Шумел дождь. Стена в лабораторию была пробита. В темноте возле зияющей щели в подземелье маячили две фигуры.

— Ну, что? — спросил, подходя, Бартоломеус.

— Нигде, — так же коротко ответили Вольф с Фуксом. У их ног, высунув кроваво-красный язык, тяжело дышал охотничий пес. Как будто желая оспорить мнение людей, он громко залаял.

— Дикси ведет себя так, будто почуял хозяина, — пояснил Вольф. — Но лает только возле входа в подземелье. Однако, — кивнул он на зияющую щель в размурованной стене, — дверь закрыта, и чудовище войти не могло.
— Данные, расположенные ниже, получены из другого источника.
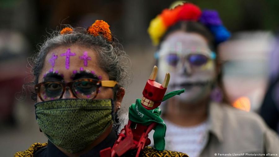 Alrededor de medio centenar de mujeres maquilladas de catrina, la representación folclórica de la muerte en México, caminaron este lunes (01.11.2021) por el centro de la capital en el Día de Muertos para exigir justicia por las mujeres asesinadas en el país y colocaron una enorme ofrenda para recordarlas.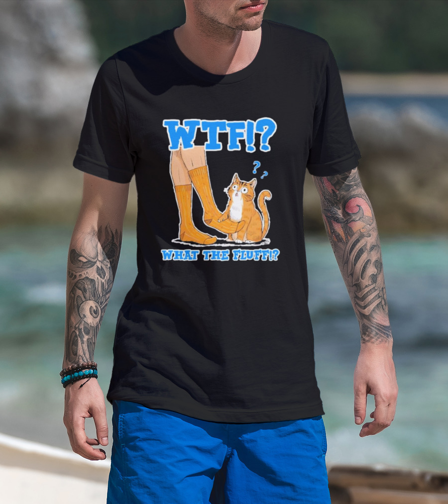 The WTF What The Fluff Funny Cat Meme Confused Cat with Socks T-shirt is designed for everyday wear and a consistent fit. Fabric is pre-shrunk ring-spun cotton with durable stitching. See the size chart below for exact measurements.

Все невольно воззрились на тяжеловесный замок на двери. Дернувшись на поводке, пес залаял еще оглушительнее.

— Молодцы, ищите дальше. — Бартоломеус вытащил связку ключей, выбрал один. — Наверняка оно где-то поблизости. — Перешагнув сломанную стену, он сунул ключ в скважину замка.

Они спустились по длинной крутой лестнице. По пути останавливались и отпирали одну за другой еще пять таких дверей.

Оказавшись в лабораторной камере, оба с любопытством огляделись. Бартоломеусу, после недельного корпения над мудреной книгой и фокусами с конфетами, лаборатория виделась как родная.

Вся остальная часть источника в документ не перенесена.